Seems very fortunate it was caught before hitting production Linux releases. Though it sounds like MacOS packages were using it.
-
a little history:
got this link from EnOS forum:
https://boehs.org/node/everything-i-know-about-the-xz-backdoor -
the github repo has been disabled...
nice
-
@mcury said in XZ Struck By Malicious Code That Could Allow Unauthorized Remote System Access:
hm, so Fedora decided to revert to the 5.4.x versions of xz Utils ? That was a different approach than Arch did.
I'm not following? The discussion you linked showed Arch doing exactly the same thing.
It's surely not unreasonable to worry about every version signed by the compromised developer (and I'm confident there are people putting 5.4.x under a microscope right now). My bet though is that the pre-5.6 versions don't actually contain anything dangerous. The developer showed his hand by pushing for 5.6 to be spread rapidly, as he'd not done for the earlier releases.
-
There's enough pain to go around here!
-
@tgl said in XZ Struck By Malicious Code That Could Allow Unauthorized Remote System Access:
The developer showed his hand by pushing for 5.6 to be spread rapidly, as he'd not done for the earlier releases.
This is huge, the FOSS community will take time to recover and I think things are going to change permanently from now on..
I'm trying to look at it in a different perspective and not witch hunt as mentioned here in this threadbig blow to the stomach that this was.
-
I hope pfSense is not affected, 2.7.2 show:
xz --version xz (XZ Utils) 5.4.4 liblzma 5.4.4
As far as i can follow the bug report on Debian [1] it's still not clear revert to 5.4.5 is enough since the
last version of a trusted person was 5.4.1.[1] https://bugs.debian.org/cgi-bin/bugreport.cgi?bug=1068024#72
-
In my own personal opinion it's unlikely because this exploit targeted specific Linux distros. sshd with a patch for systemd integration which obviously doesn't apply to FreeBSD.
However that's only the known exploit.
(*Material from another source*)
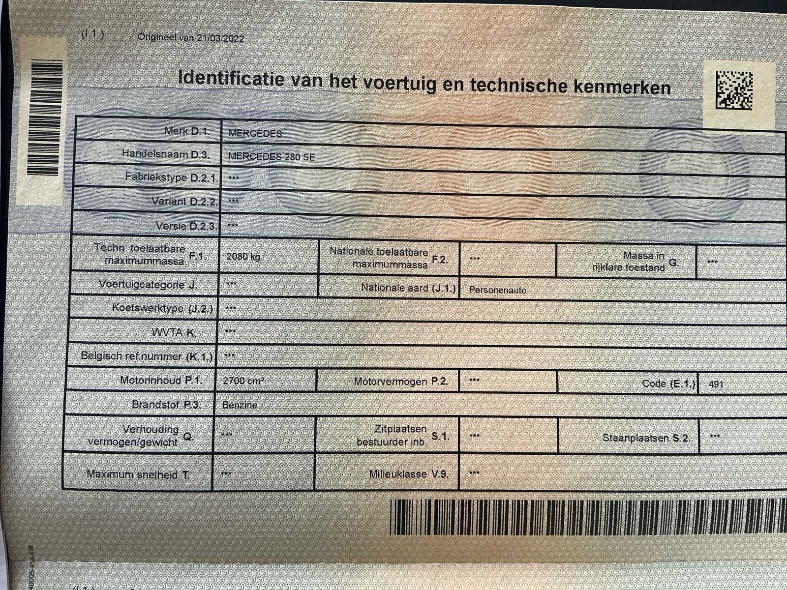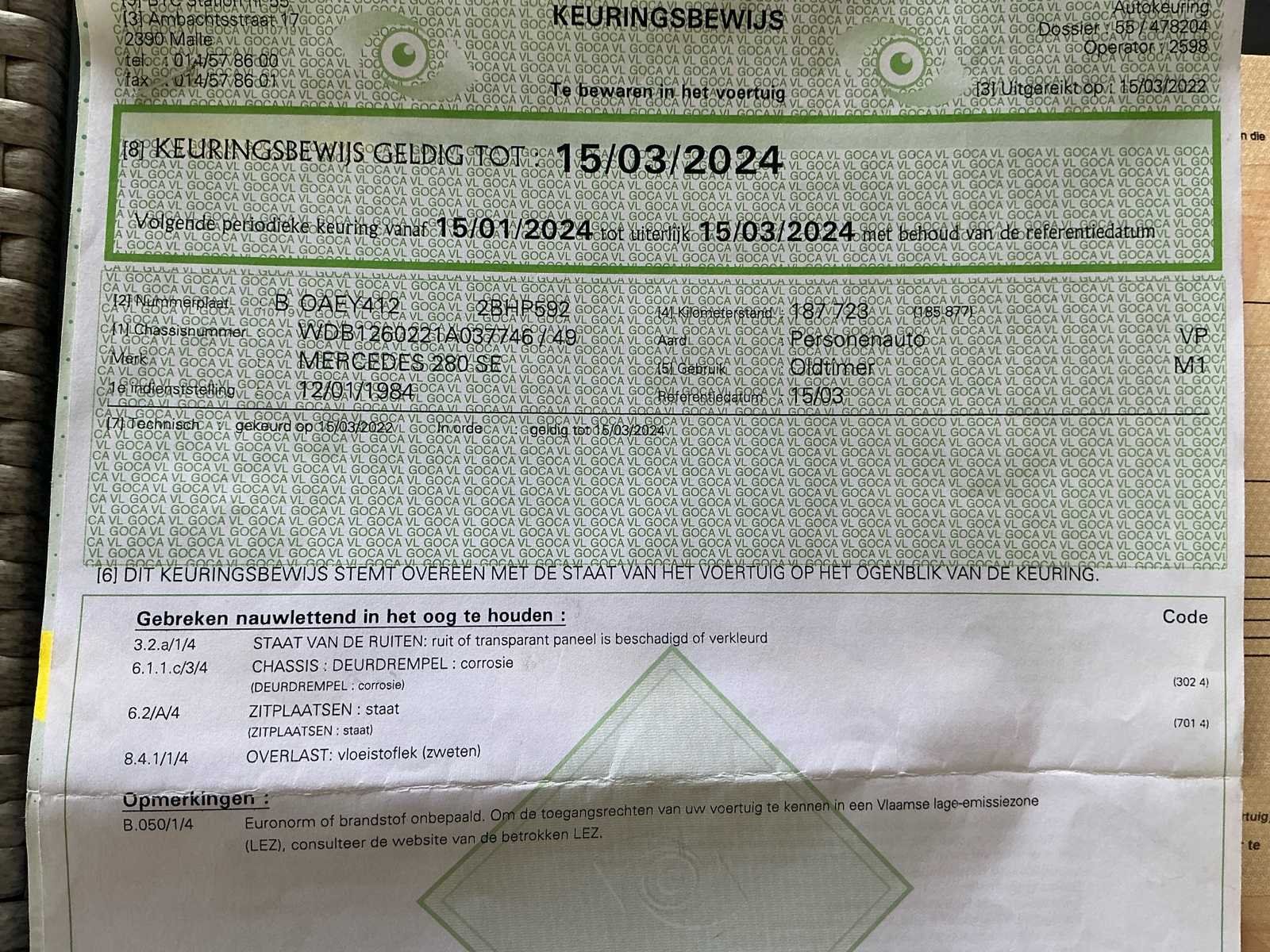 Mercedes-Benz 280 SE (W126) – een tijdloze klassieker die luxe en degelijkheid perfect belichaamt. Deze iconische S-Klasse uit de W126-generatie staat bekend om zijn uitzonderlijke bouwkwaliteit, comfortabele rijgedrag en ingetogen, elegante design. De 280 SE biedt een soepele en betrouwbare rijervaring, ideaal voor liefhebbers van klassieke Mercedes-Benz modellen. Met zijn kenmerkende lijnen, chroomaccenten en statige uitstraling blijft deze wagen een echte blikvanger op de weg met zijn 4 HAXER velgen nieuwprijs €214/stuk. Een waardevaste klassieker die rijplezier combineert met historisch karakter. Voor algemene staat bekijk de foto’s. Er zit een rot gat in de kofferklep, barst in dashboard. ✔️ Iconische W126 S-Klasse ✔️ Betrouwbare 6-cilinder motor ✔️ Comfort en klasse van het hoogste niveau ✔️ Interessant voor verzamelaars en liefhebbers No Merk: Mercedes-Benz Model: W126 S-Klasse 280 SE Afgelezen kilometerstand: 188603km Cilinderinhoud: 2700cc Brandstof: Benzine Chassisnummer: WDB1260221A037746 Datum eerste toelating: 12/01/1984 Aandrijving: RWD Aantal zitplaatsen: 5 Kleur: Grijs Transmissie: Automatisch Drive type: Achterwiel Stuurwiel: LHD Aantal deuren: 5 Aantal cilinders: 6 Carrosserie: Sedan Nationaliteit documenten: Belgisch Start en rijdt: Ja Keuringsrapport geldig tot: 15/03/2024 Inschrijvingsbewijs - deel 1 : Aanwezig Inschrijvingsbewijs - deel 2: Aanwezig

Whist nothing in known in other versions we are monitoring the situation closely.
-
@stephenw10 said in XZ Struck By Malicious Code That Could Allow Unauthorized Remote System Access:
However that's only the known exploit. Whist nothing in known in other versions we are monitoring the situation closely.
They are evaluating libarchive now, there are commits from the same developer.
What haunts me is that we don't know how deep this going to go.. -
@mcury said in XZ Struck By Malicious Code That Could Allow Unauthorized Remote System Access:
What haunts me is that we don't know how deep this going to go..
Yes, I'm afraid that's not the end of the story, this has the potential for a really nightmare.
But at the moment we can only monitoring the situation as @stephenw10 said. -
A couple months ago I was testing openVPN and I could see my IP traverse the firewall however after I disconnected something else was connected a IP address from digital oceans IP block, I have logging enabled on the firewall and you could see the enumeration occurring so I killed the state and only allow VPN connections from specific IP addresses. Think about eternal blue, they patch it but the bug reappears over and over. Cyber security teams need to stay one step ahead of abuses.